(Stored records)

BEGIN

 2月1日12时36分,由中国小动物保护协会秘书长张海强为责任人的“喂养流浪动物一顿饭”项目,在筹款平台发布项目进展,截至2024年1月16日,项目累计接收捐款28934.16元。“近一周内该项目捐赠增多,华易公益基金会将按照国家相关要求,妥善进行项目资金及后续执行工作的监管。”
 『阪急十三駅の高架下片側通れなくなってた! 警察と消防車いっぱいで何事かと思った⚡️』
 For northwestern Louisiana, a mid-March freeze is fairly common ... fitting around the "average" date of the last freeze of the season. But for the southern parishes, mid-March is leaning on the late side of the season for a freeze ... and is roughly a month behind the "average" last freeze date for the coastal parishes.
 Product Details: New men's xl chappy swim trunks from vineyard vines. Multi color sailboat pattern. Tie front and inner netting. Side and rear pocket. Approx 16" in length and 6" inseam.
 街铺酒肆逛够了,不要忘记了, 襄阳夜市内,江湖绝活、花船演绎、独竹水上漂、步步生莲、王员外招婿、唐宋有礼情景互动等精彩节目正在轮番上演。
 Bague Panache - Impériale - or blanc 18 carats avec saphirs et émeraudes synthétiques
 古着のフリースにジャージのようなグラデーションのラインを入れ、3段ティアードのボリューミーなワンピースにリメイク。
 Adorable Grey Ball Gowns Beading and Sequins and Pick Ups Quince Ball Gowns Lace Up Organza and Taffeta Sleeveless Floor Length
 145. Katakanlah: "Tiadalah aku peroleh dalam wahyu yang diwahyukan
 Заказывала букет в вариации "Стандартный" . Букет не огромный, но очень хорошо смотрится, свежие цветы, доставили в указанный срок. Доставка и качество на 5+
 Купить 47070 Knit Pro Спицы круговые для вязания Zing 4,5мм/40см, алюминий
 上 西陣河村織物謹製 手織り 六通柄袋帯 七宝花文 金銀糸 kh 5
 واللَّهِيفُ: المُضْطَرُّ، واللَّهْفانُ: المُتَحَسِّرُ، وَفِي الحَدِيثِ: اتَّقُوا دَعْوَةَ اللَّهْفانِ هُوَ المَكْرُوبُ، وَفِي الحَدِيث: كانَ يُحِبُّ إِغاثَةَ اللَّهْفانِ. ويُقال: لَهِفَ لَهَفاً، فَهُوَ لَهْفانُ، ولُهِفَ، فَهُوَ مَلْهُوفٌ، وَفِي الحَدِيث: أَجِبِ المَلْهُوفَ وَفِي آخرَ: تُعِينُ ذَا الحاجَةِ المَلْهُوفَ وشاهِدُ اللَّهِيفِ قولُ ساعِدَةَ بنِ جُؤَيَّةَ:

END

§ **Exercise goal**: The entries above should be copied out exactly, with none left out.

§ **Worked solution**:
 2月1日12时36分,由中国小动物保护协会秘书长张海强为责任人的“喂养流浪动物一顿饭”项目,在筹款平台发布项目进展,截至2024年1月16日,项目累计接收捐款28934.16元。“近一周内该项目捐赠增多,华易公益基金会将按照国家相关要求,妥善进行项目资金及后续执行工作的监管。”
 『阪急十三駅の高架下片側通れなくなってた! 警察と消防車いっぱいで何事かと思った⚡️』
 For northwestern Louisiana, a mid-March freeze is fairly common ... fitting around the "average" date of the last freeze of the season. But for the southern parishes, mid-March is leaning on the late side of the season for a freeze ... and is roughly a month behind the "average" last freeze date for the coastal parishes.
 Product Details: New men's xl chappy swim trunks from vineyard vines. Multi color sailboat pattern. Tie front and inner netting. Side and rear pocket. Approx 16" in length and 6" inseam.
 街铺酒肆逛够了,不要忘记了, 襄阳夜市内,江湖绝活、花船演绎、独竹水上漂、步步生莲、王员外招婿、唐宋有礼情景互动等精彩节目正在轮番上演。
 Bague Panache - Impériale - or blanc 18 carats avec saphirs et émeraudes synthétiques
 古着のフリースにジャージのようなグラデーションのラインを入れ、3段ティアードのボリューミーなワンピースにリメイク。
 Adorable Grey Ball Gowns Beading and Sequins and Pick Ups Quince Ball Gowns Lace Up Organza and Taffeta Sleeveless Floor Length
 145. Katakanlah: "Tiadalah aku peroleh dalam wahyu yang diwahyukan
 Заказывала букет в вариации "Стандартный" . Букет не огромный, но очень хорошо смотрится, свежие цветы, доставили в указанный срок. Доставка и качество на 5+
 Купить 47070 Knit Pro Спицы круговые для вязания Zing 4,5мм/40см, алюминий
 上 西陣河村織物謹製 手織り 六通柄袋帯 七宝花文 金銀糸 kh 5
 واللَّهِيفُ: المُضْطَرُّ، واللَّهْفانُ: المُتَحَسِّرُ، وَفِي الحَدِيثِ: اتَّقُوا دَعْوَةَ اللَّهْفانِ هُوَ المَكْرُوبُ، وَفِي الحَدِيث: كانَ يُحِبُّ إِغاثَةَ اللَّهْفانِ. ويُقال: لَهِفَ لَهَفاً، فَهُوَ لَهْفانُ، ولُهِفَ، فَهُوَ مَلْهُوفٌ، وَفِي الحَدِيث: أَجِبِ المَلْهُوفَ وَفِي آخرَ: تُعِينُ ذَا الحاجَةِ المَلْهُوفَ وشاهِدُ اللَّهِيفِ قولُ ساعِدَةَ بنِ جُؤَيَّةَ:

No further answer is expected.